Universal Health Services' fair value calculation is complicated by the company's dual focus on acute care hospitals and behavioral health facilities, which operate under different reimbursement models and growth dynamics. The method works reasonably well when applied to normalized earnings, though investors should adjust for regulatory changes, reimbursement rate fluctuations, and one-time legal or compliance costs. Fair value estimates are most reliable when considering UHS's mix of higher-growth behavioral health and more stable acute care operations.

Methodology

UHS typically trades at moderate PEG ratios reflecting steady demand for behavioral health services offset by regulatory scrutiny and reimbursement pressures in the acute care segment. The PEG framework works for comparing UHS to other healthcare facility operators, though investors should normalize for acquisition impacts and same-facility volume trends.
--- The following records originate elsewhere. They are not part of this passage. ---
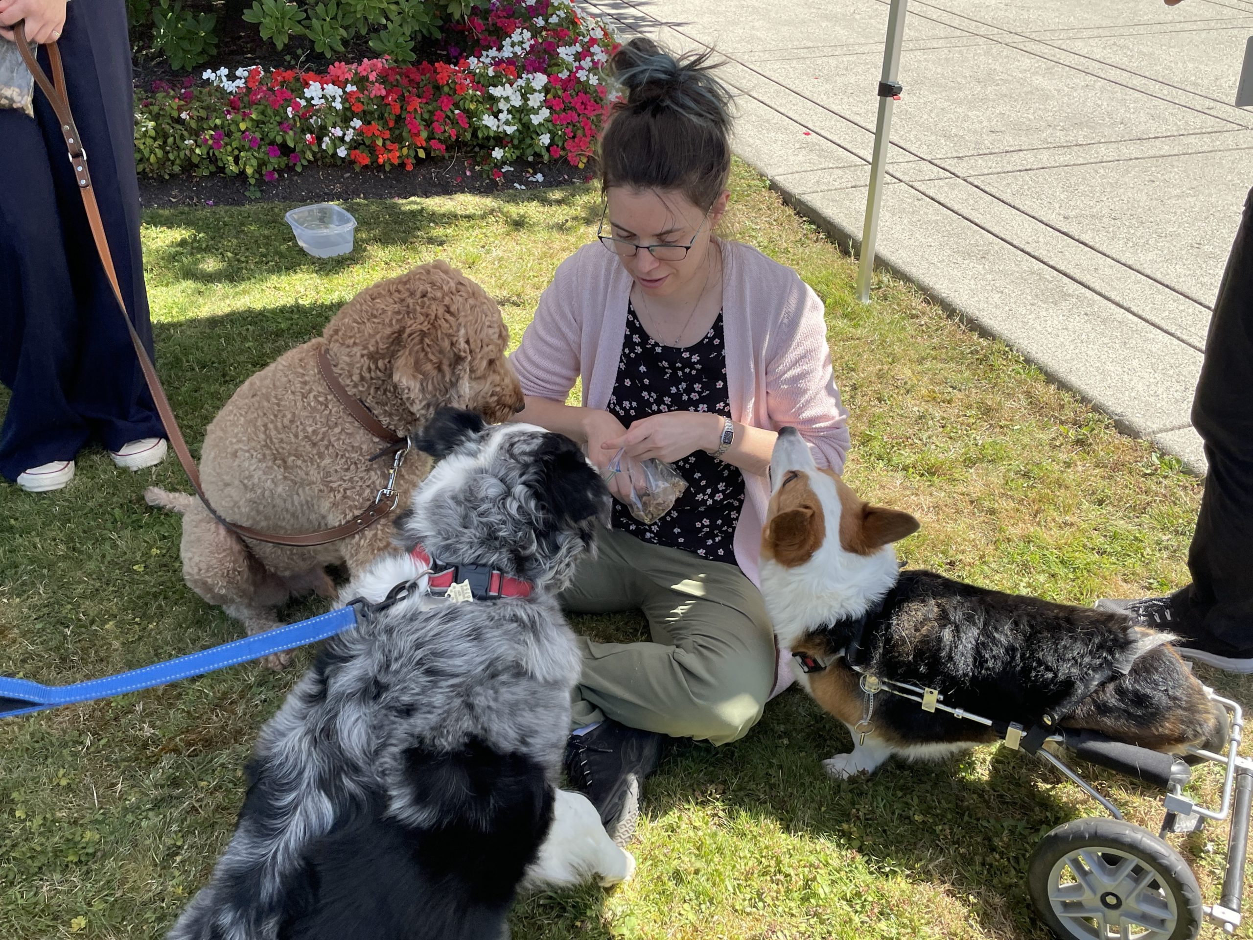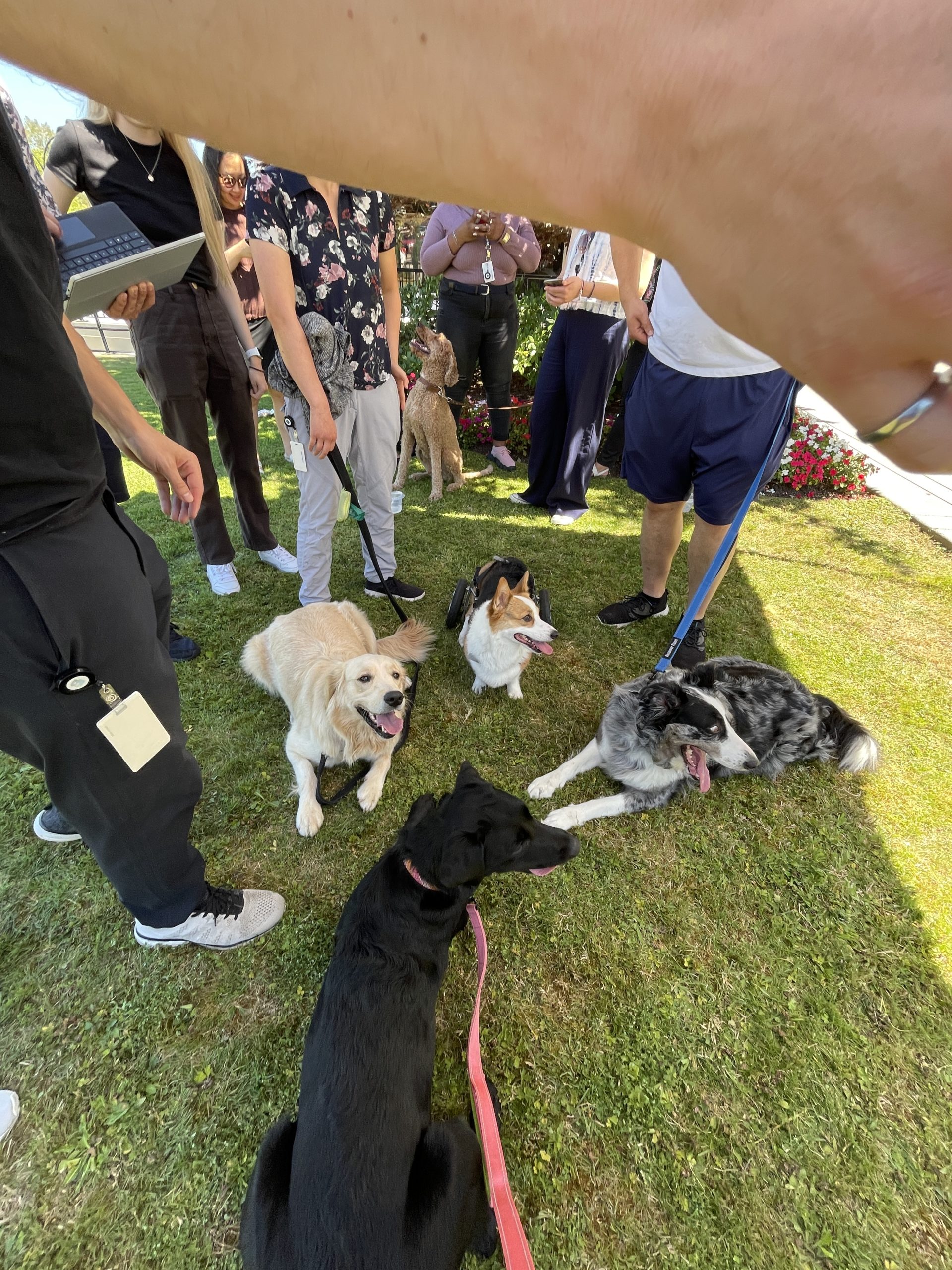 A total of over 30 staff stopped by to say hello and receive some canine therapy. Staff gave out treats and enjoyed some enthusiastic tricks by the dogs.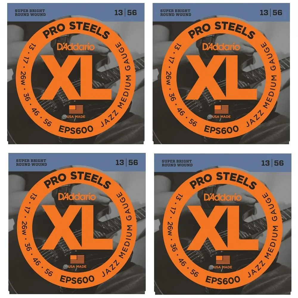 D'Addario 4 SETS EPS600 ProSteels Electric Guitar Strings, Jazz Medium, 13 - 56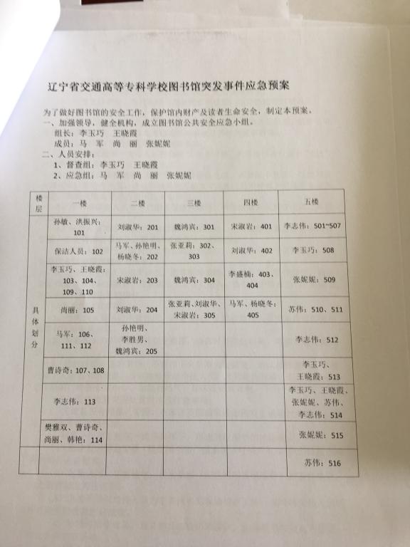 (1)图书馆有二套值班情况记录,包括保卫处管理的安保人员的值班情况记录,同体育馆一样,较详细和全面。一套是图书馆开放期间,图书馆人员的值班记录,对学生入馆高峰期间的人员引导、对使用图书馆期间出现的问题咨询、以及对突发事件的处理等,有较详细的要求、程序和记录单(图10)。由图书馆办公室汇总。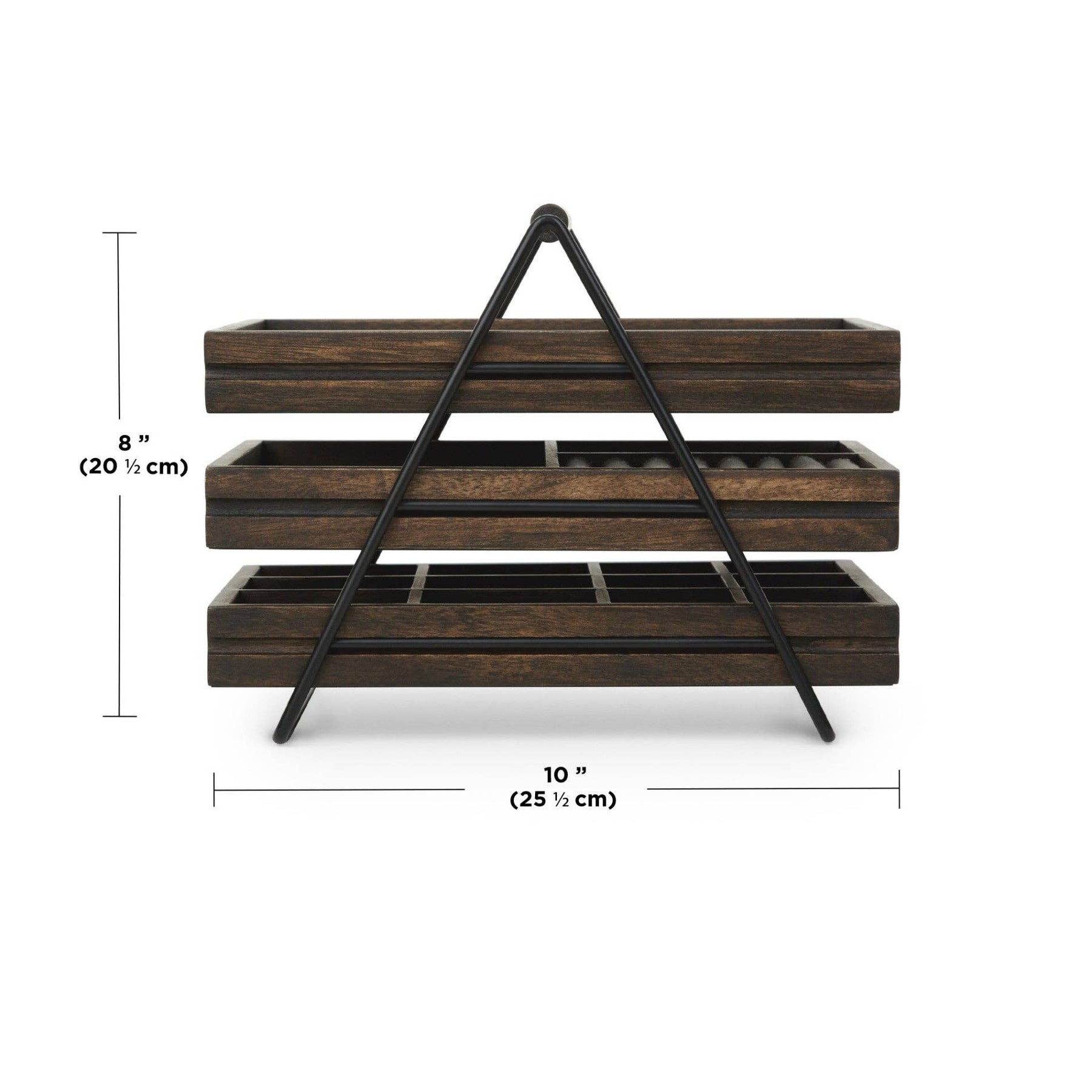 Designed to bring calm to your daily routine, the Terrace Jewelry Tray features three stacked wooden trays that slide out for easy access. Each tier is lined and divided, making it simple to organize rings, necklaces, and small keepsakes.

As behavioral health grows as a percentage of the mix, the PEG may reflect improving growth visibility and reduced acute care cyclicality.

Methodology

UHS pays no regular dividend, as management prioritizes reinvesting cash flow in facility upgrades, capacity expansion, and occasional acquisitions to grow the behavioral health network. PEGY therefore equals PEG with no yield component, reflecting the company's growth-focused capital allocation. For UHS investors, evaluating behavioral health census trends, reimbursement stability, and regulatory compliance matters more than dividend income.